Excel uses the "deflate" storage method as can be seen for the following
Example.xlsx
file produced by Microsoft Excel for Mac 2011 on a
MacBook Pro laptop by using the
zipinfo command, which
lists detailed information about zip archives. The Example workbook has two
worksheets with the default names of sheet1
and
sheet2
.
$ zipinfo Example.xlsx Archive: Example.xlsx 32642 bytes 12 files -rw---- 4.5 fat 1356 b- defS 1-Jan-80 00:00 [Content_Types].xml -rw---- 4.5 fat 733 b- defS 1-Jan-80 00:00 _rels/.rels -rw---- 4.5 fat 839 b- defS 1-Jan-80 00:00 xl/_rels/workbook.xml.rels -rw---- 4.5 fat 805 b- defS 1-Jan-80 00:00 xl/workbook.xml -rw---- 4.5 fat 1055 b- defS 1-Jan-80 00:00 xl/styles.xml -rw---- 4.5 fat 1314 b- defS 1-Jan-80 00:00 xl/worksheets/sheet2.xml -rw---- 4.5 fat 7646 b- defS 1-Jan-80 00:00 xl/theme/theme1.xml -rw---- 4.5 fat 1206 b- defS 1-Jan-80 00:00 xl/worksheets/sheet1.xml -rw---- 4.5 fat 23468 b- stor 1-Jan-80 00:00 docProps/thumbnail.jpeg -rw---- 4.5 fat 454 b- defS 1-Jan-80 00:00 xl/sharedStrings.xml -rw---- 4.5 fat 872 b- defS 1-Jan-80 00:00 docProps/app.xml -rw---- 4.5 fat 755 b- defS 1-Jan-80 00:00 docProps/core.xml 12 files, 40503 bytes uncompressed, 29422 bytes compressed: 27.4% $
The "defS" in the sixth column indicates the compression method used. There are six methods known at present: storing (no compression), reducing, shrinking, imploding, tokenizing (never publicly released), and deflating. In addition, there are four levels of reducing (1 through 4); four types of imploding (4K or 8K sliding dictionary, and 2 or 3 Shannon-Fano trees); and four levels of deflating (superfast, fast, normal, maximum compression). zipinfo represents these methods and their sub-methods as follows: stor; re:1, re:2, etc.; shrk; i4:2, i8:3, etc.; tokn; and defS, defF, defN, and defX.

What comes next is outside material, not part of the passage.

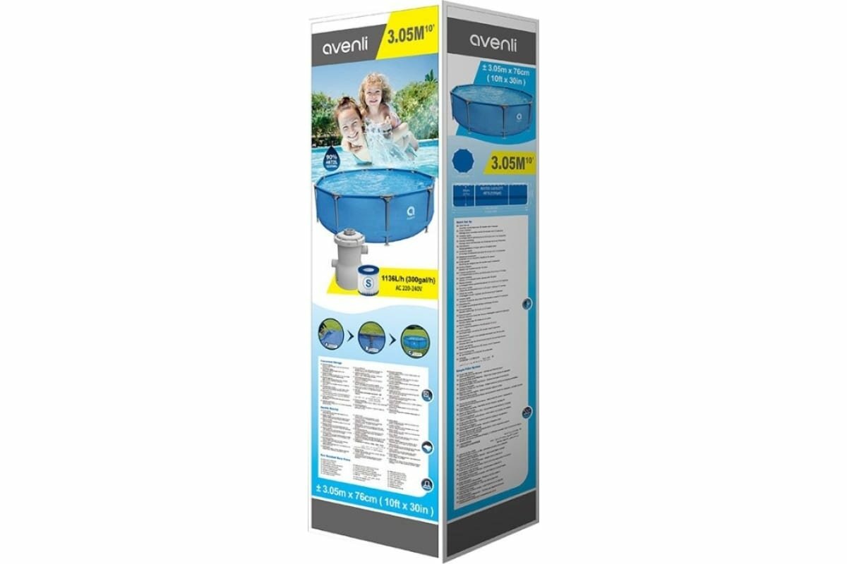 Круглый бассейн Avenli 12015eu со стальным каркасом, 3.05 м х 76 cм, фильтр-насос 300 галлонов 104376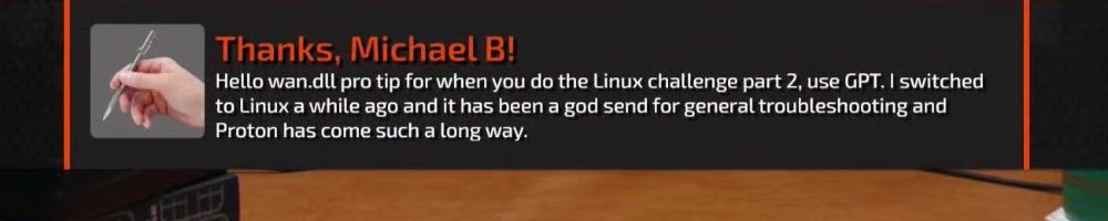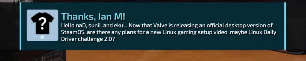 Thanks, Ian M! Hello naD, sunil and ekul. Now that Valve is releasing an official desktop version of SteamOS, are there any plans for a new Linux gaming setup video, maybe Linux Daily Driver challenge 2.0?

If I rename the Example.xlsx
file to Example.zip
and extract its contents and then rezip the contents of the directory produced
when I extracted the contents of the zip file with the zip utility,
I see the following:
$ zip -r Example.zip Example/* adding: Example/[Content_Types].xml (deflated 74%) adding: Example/_rels/ (stored 0%) adding: Example/_rels/.rels (deflated 65%) adding: Example/docProps/ (stored 0%) adding: Example/docProps/app.xml (deflated 53%) adding: Example/docProps/core.xml (deflated 50%) adding: Example/docProps/thumbnail.jpeg (deflated 23%) adding: Example/xl/ (stored 0%) adding: Example/xl/_rels/ (stored 0%) adding: Example/xl/_rels/workbook.xml.rels (deflated 71%) adding: Example/xl/sharedStrings.xml (deflated 50%) adding: Example/xl/styles.xml (deflated 55%) adding: Example/xl/theme/ (stored 0%) adding: Example/xl/theme/theme1.xml (deflated 80%) adding: Example/xl/workbook.xml (deflated 42%) adding: Example/xl/worksheets/ (stored 0%) adding: Example/xl/worksheets/sheet1.xml (deflated 53%) adding: Example/xl/worksheets/sheet2.xml (deflated 54%) $
I.e., I see that, by default, the deflation method is being used for files. If I then check the .zip file produced by the zip utility with the zipinfo utility, I see "defN" listed in the sixth column for the compression method.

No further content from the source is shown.